How can I ignore the \"not in list\" error message if I call a.remove(x) when x is not present in list a?

This is my situation:

Answer 1

When I only care to ensure the entry is not in a list, dict, or set I use contextlib like so:

import contextlib

some_list = []
with contextlib.suppress(ValueError):
    some_list.remove(10)

some_set = set()
some_dict = dict()
with contextlib.suppress(KeyError):
    some_set.remove('some_value')
    del some_dict['some_key']

Answer 2

As an alternative to ignoring the ValueError

try:
    a.remove(10)
except ValueError:
    pass  # do nothing!

I think the following is a little more straightforward and readable:

if 10 in a:
    a.remove(10)

Answer 3

you have typed wrong input. syntax: list.remove(x)

and x is the element of your list. in remove parenthesis ENTER what already have in your list. ex: a.remove(2)

i have entered 2 because it has in list.
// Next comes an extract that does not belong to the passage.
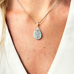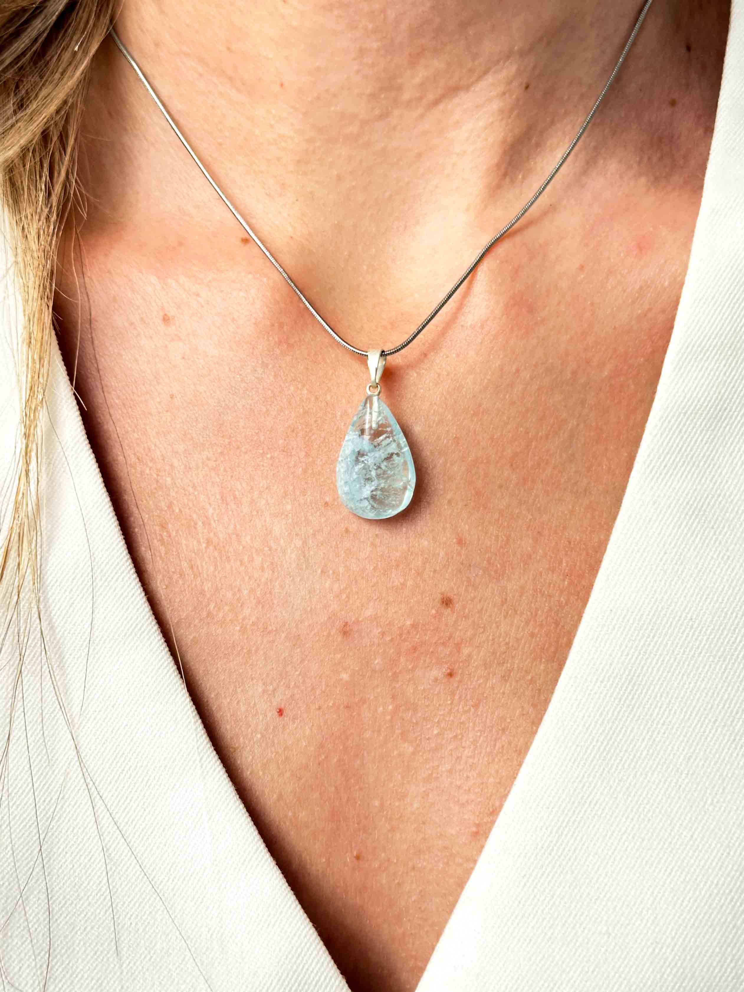 Ένα εκλεπτυσμένο μενταγιόν από Ακουαμαρίνα σε σχήμα δάκρυ, που αποπνέει καθαρότητα και γαλήνη. Η Ακουαμαρίνα είναι η πέτρα της θάλασσας και της εσωτερικής ηρεμίας· φέρνει αίσθηση ελευθερίας, ρέουσας ενέργειας και βοηθά στην απομάκρυνση φόβων και άγχους.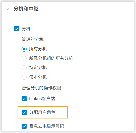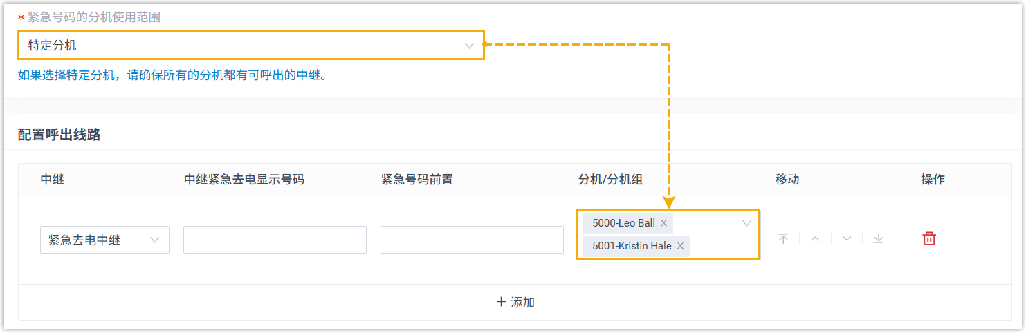 - 支持指定允许呼叫紧急号码的分机 (路径:)。注: 需确保选中的分机具有使用 配置呼出线路 中指定中继呼出的权限。

I hape this data help you.

Answer 4

I'd personally consider using a set instead of a list as long as the order of your elements isn't necessarily important. Then you can use the discard method:

>>> S = set(range(10))
>>> S
set([0, 1, 2, 3, 4, 5, 6, 7, 8, 9])
>>> S.remove(10)
Traceback (most recent call last):
  File "<stdin>", line 1, in <module>
KeyError: 10
>>> S.discard(10)
>>> S
set([0, 1, 2, 3, 4, 5, 6, 7, 8, 9])

Answer 5

How about list comprehension?

a = [x for x in a if x != 10]

Answer 6

A better way to do this would be

source_list = list(filter(lambda x: x != element_to_remove,source_list))

Because in a more complex program, the exception of ValueError could also be raised for something else and a few answers here just pass it, thus discarding it while creating more possible problems down the line.